**Exercise directions:**
Beginning at the line with "Tổng Giám đốc", please repeat each line exactly through the end of the records below, including that first line and the last, but no pictures.

**Stored data:**
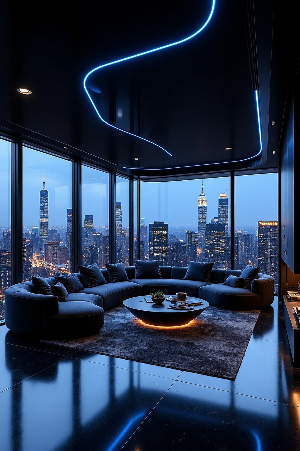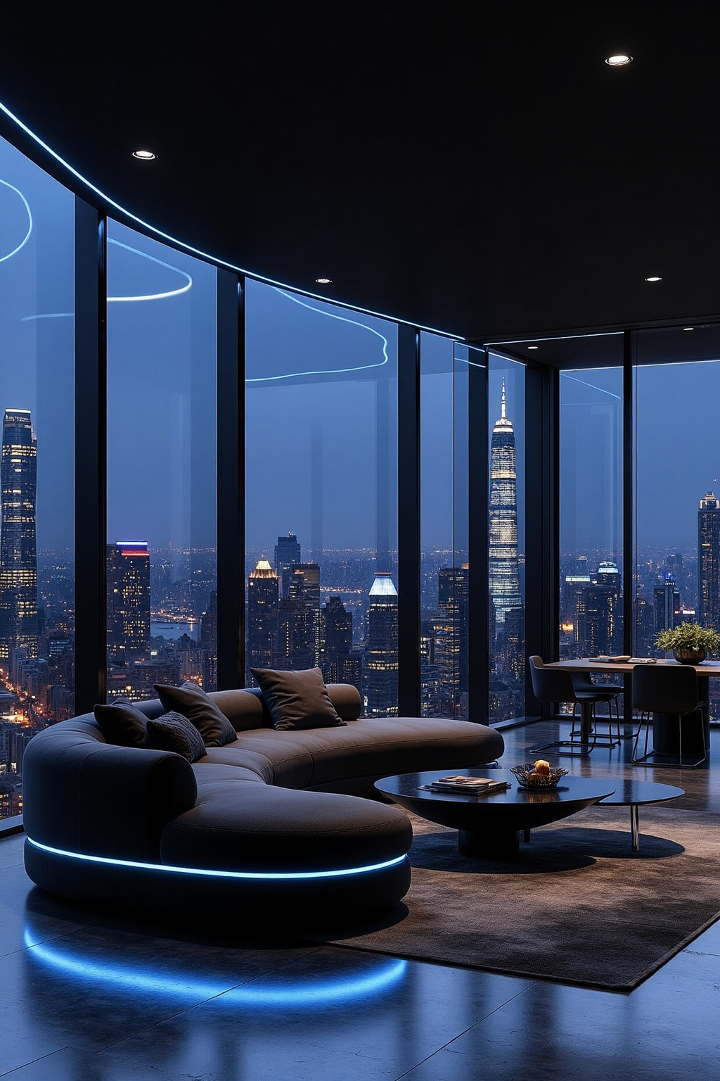 High - tech sense with cityscape view, avant - garde lounge, asymmetrical sofas, neon accents, vast windows, urban night panorama, high - gloss surfaces.
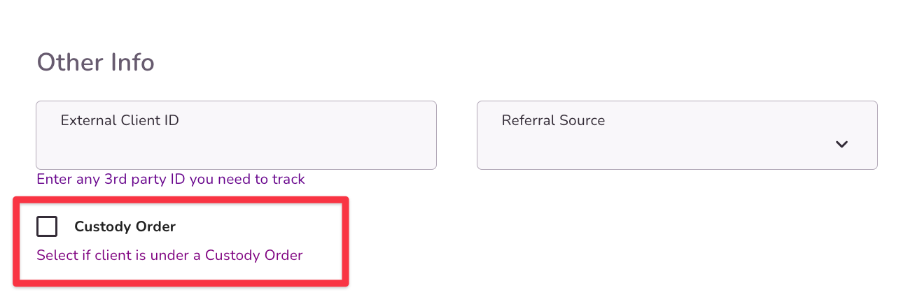 Select the Custody Order box if your client has a custody order
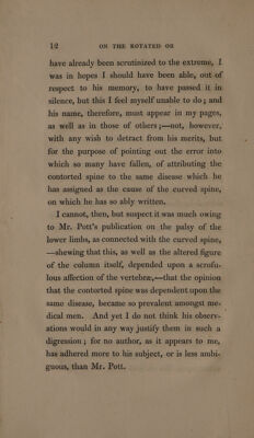 Pathological observations on the rotated or contorted spine, commonly called lateral curvature, deduced from practice. In which are shewn the causes that produce it, the reason of its being mistaken for an incurvation of the spinal column, and the means best adapted to its prevention and cure. Agreeably to the principles laid down, and the author's experience / [Andrew Dods].
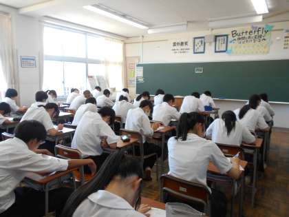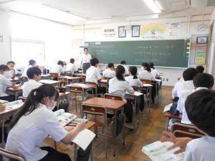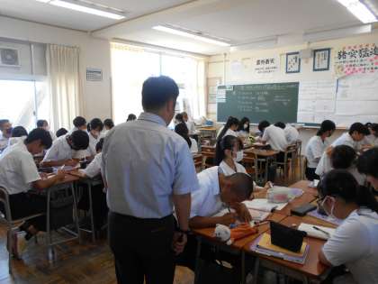 3年・授業風景・その1 公開日 2023/07/04 更新日 2023/07/04 3学年 7月4日(火) 5限 対話を楽しみながら生物の学習をするクラス、黙々とまとめのプリントや課題に取り組むクラスと、3クラスともそれぞれに意欲的な姿が印象的です。 (写真 上:3年1組 理科「無性生殖とはどのようなものだろう」) (写真 中:3年2組 数学「根号を含む式の計算 平行根の利用」) (写真 下:3年3組 数学「方程式を利用した問題を解決しよう」)
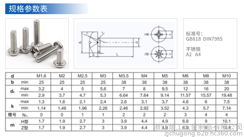 | 类别 | 十字槽盘头机螺钉 |
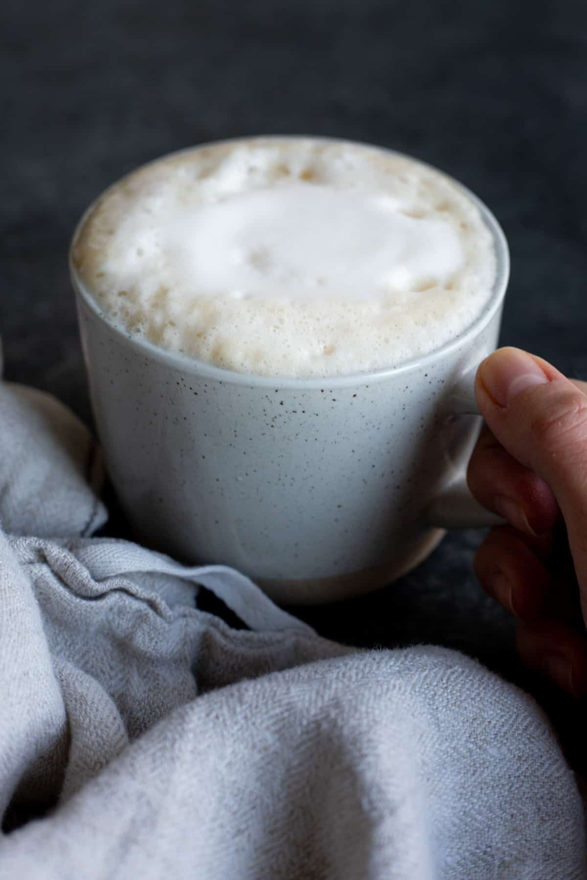 And then you’ll make a latte with some coffee and steamed milk. If you recall from my Oat Milk Peppermint Mocha, I have a milk frother device that I really love, but you can also froth your milk with a whisk or in a jar.
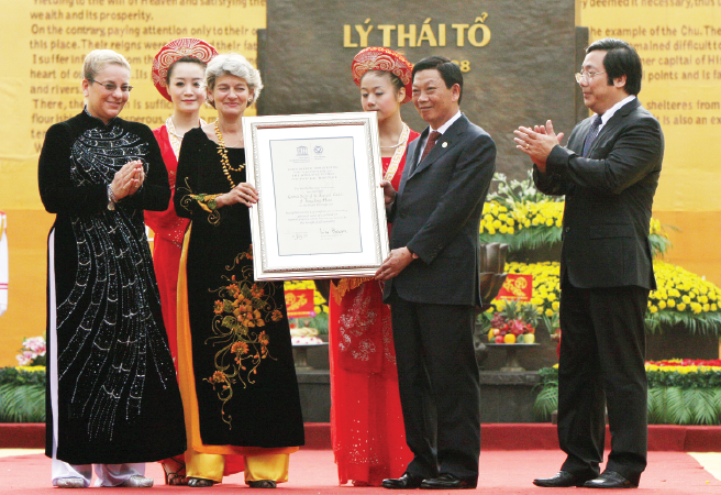 Tổng Giám đốc UNESCO đã trao Bằng chứng nhận Di sản Văn hoá Thế giới Trung tâm Hoàng thành Thăng Long cho UBND thành phố Hà Nội trong dịp đại lễ 1000 năm Thăng Long - Hà Nội, ngày 1/10/2010
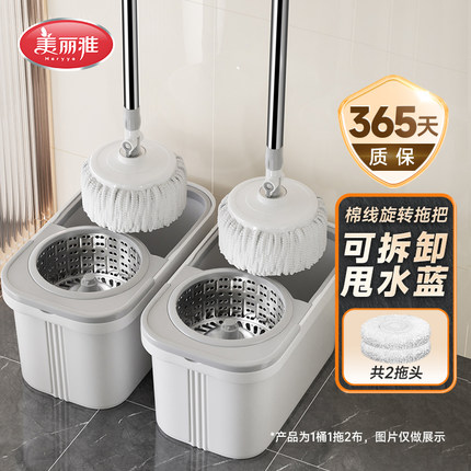 美丽雅旋转拖把家用免手洗双驱动甩水懒人拖地神器一拖净加厚墩布
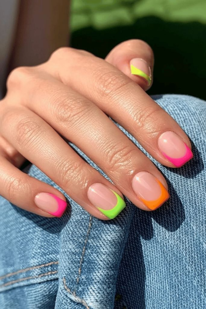 This is summer distilled into a manicure. Each nail features a different neon tip — hot pink, lime green, electric orange, neon yellow — against a natural, barely-there base. The result is joyful, almost childlike in the best possible way. It reminds me of popsicles and pool parties and that specific kind of happiness that only exists between June and August. As colorful summer nail designs go, this one captures the spirit of the season better than almost anything else on this list.

**Answer to the problem:**
 Tổng Giám đốc UNESCO đã trao Bằng chứng nhận Di sản Văn hoá Thế giới Trung tâm Hoàng thành Thăng Long cho UBND thành phố Hà Nội trong dịp đại lễ 1000 năm Thăng Long - Hà Nội, ngày 1/10/2010
 美丽雅旋转拖把家用免手洗双驱动甩水懒人拖地神器一拖净加厚墩布
 This is summer distilled into a manicure. Each nail features a different neon tip — hot pink, lime green, electric orange, neon yellow — against a natural, barely-there base. The result is joyful, almost childlike in the best possible way. It reminds me of popsicles and pool parties and that specific kind of happiness that only exists between June and August. As colorful summer nail designs go, this one captures the spirit of the season better than almost anything else on this list.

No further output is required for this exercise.